A Sentimental Journey associates religion with hypocrisy and sexual repression, yet some characters’ religious sentiments motivate them to admirable behavior. Thus, the novel suggests that religion can be either a negative or positive force, depending on the motives of the people practicing it. In a characteristic episode satirizing organized religion, the narrator Yorick persuades the aging Frenchwoman Madame de V***, who claims she “believe[s] nothing,” to renounce her nihilism. He persuades her not by talking about God, but by claiming that only religion could protect a woman as beautiful as she is from male sexual attentions. The story implies that Madame de V*** becomes interested in organized religion again due to Yorick’s sexual flattery—a vain and hypocritical motive, since Yorick is also arguing that religion represses sexuality. In episodes like these, the novel evinces a healthy skepticism for religion in general—and, perhaps, European Catholicism in particular. Yet not all religious characters in A Sentimental Journey are vain, repressed hypocrites. Traveling through France toward Italy, Yorick meets a peasant family who dance every evening after dinner to thank God with “a chearful and contented mind.” The novel represents this joyous, physical, non-repressive religious worship as admirable. In A Sentimental Journey, then, whether religion is good or bad depends not on religion itself, but on the worshipers’ motives and personalities.
Religion ThemeTracker
Religion Quotes in A Sentimental Journey
I guard this box, as I would the instrumental parts of my religion, to help my mind on to something better: in truth, I seldom go abroad without it; and oft and many a time have I called up by it the courteous spirit of its owner to regulate my own, in the justlings of the world[.]
‘Twas only in the power, says the Fragment, of the God whose empire extendeth from heaven to earth, and even to the depths of the sea, to have done this.
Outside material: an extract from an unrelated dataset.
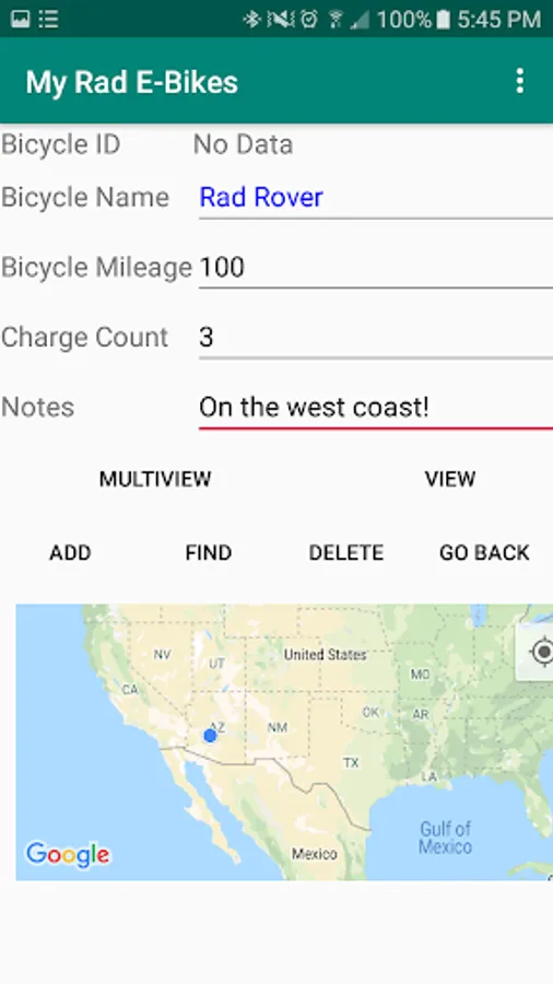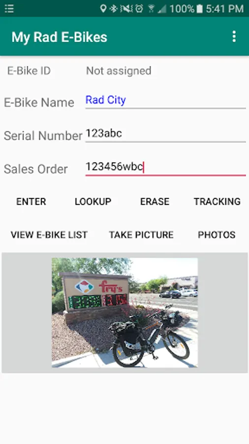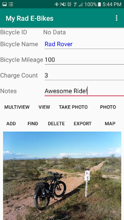 This E-Bike app will allow you to store your important E-Bike information for serial numbers, order numbers, mileage, battery charges and general notes. The app also gives you the ability to take photos with serial number information that can be screen shot into a photo folder created by this app called My E-Bike Photos on your phone. Data is stored locally on users phone. Gallery added to import previously taken photos into view for screenshot use. No WIFI needed to collect data. View a summary list on E-Bike information for mileage, charges and notes as well as serial numbers and order numbers. Google Map has been added to allow screenshot of map location with detailed text of route traveled. Use this feature to mark up landmarks with mileage text from ride start. Small ads at the bottom to cover this app for free!

But there is nothing unmixt in this world; and some of the gravest of our divines have carried it so far as to affirm, that enjoyment itself was attended even with a sigh—and that the greatest they knew of, terminated in a general way, in little better than a convulsion.
I told Madame de V*** it might be her principle; but I was sure it could not be her interest to level the outworks, without which I could not conceive how such a citadel as hers could be defended—that there was not a more dangerous thing in the world, than for a beauty to be a deist—that it was a debt I owed my creed, not to conceal it from her—that I had not been five minutes sat upon the sopha besides her, but I had begun to form designs—and what is it, but the sentiments of religion, and the persuasion they had existed in her breast, which could have check’d them as they rose up.
I sat down close by her; and Maria let me wipe them away as they fell with my handkerchief.—I then steep’d it with my own—and then in hers—and then in mine—and then I wip’d hers again—and as I did it, I felt such indescribable emotions within me, as I am sure could not be accounted for from any combinations of matter and motion.
I am positive I have a soul; nor can all the books with which materialists have pester’d the world ever convince me of the contrary.
Dear sensibility! source inexhausted of all that’s precious in our joys, or costly in our sorrows! thou chainest thy martyr down upon his bed of straw—and ‘tis thou who lifts him up to HEAVEN—eternal fountain of our feelings!—‘tis here I trace thee—and this is thy divinity which stirs within me […] that I feel some generous joys and generous cares beyond myself—all comes from thee, great—great SENSORIUM of the world!
I thought I beheld Religion mixing in the dance—but as I had never seen her so engaged, I should have look’d upon it now, as one of the illusions of an imagination which is eternally misleading me, had not the old man, as soon as the dance ended, said, that this was their constant way; and that all his life long he had made it a rule, after supper was over, to call out his family to dance and rejoice; believing, he said, that a chearful and contented mind was the best sort of thanks to heaven that an illiterate peasant could pay—
—Or a learned prelate either, said I.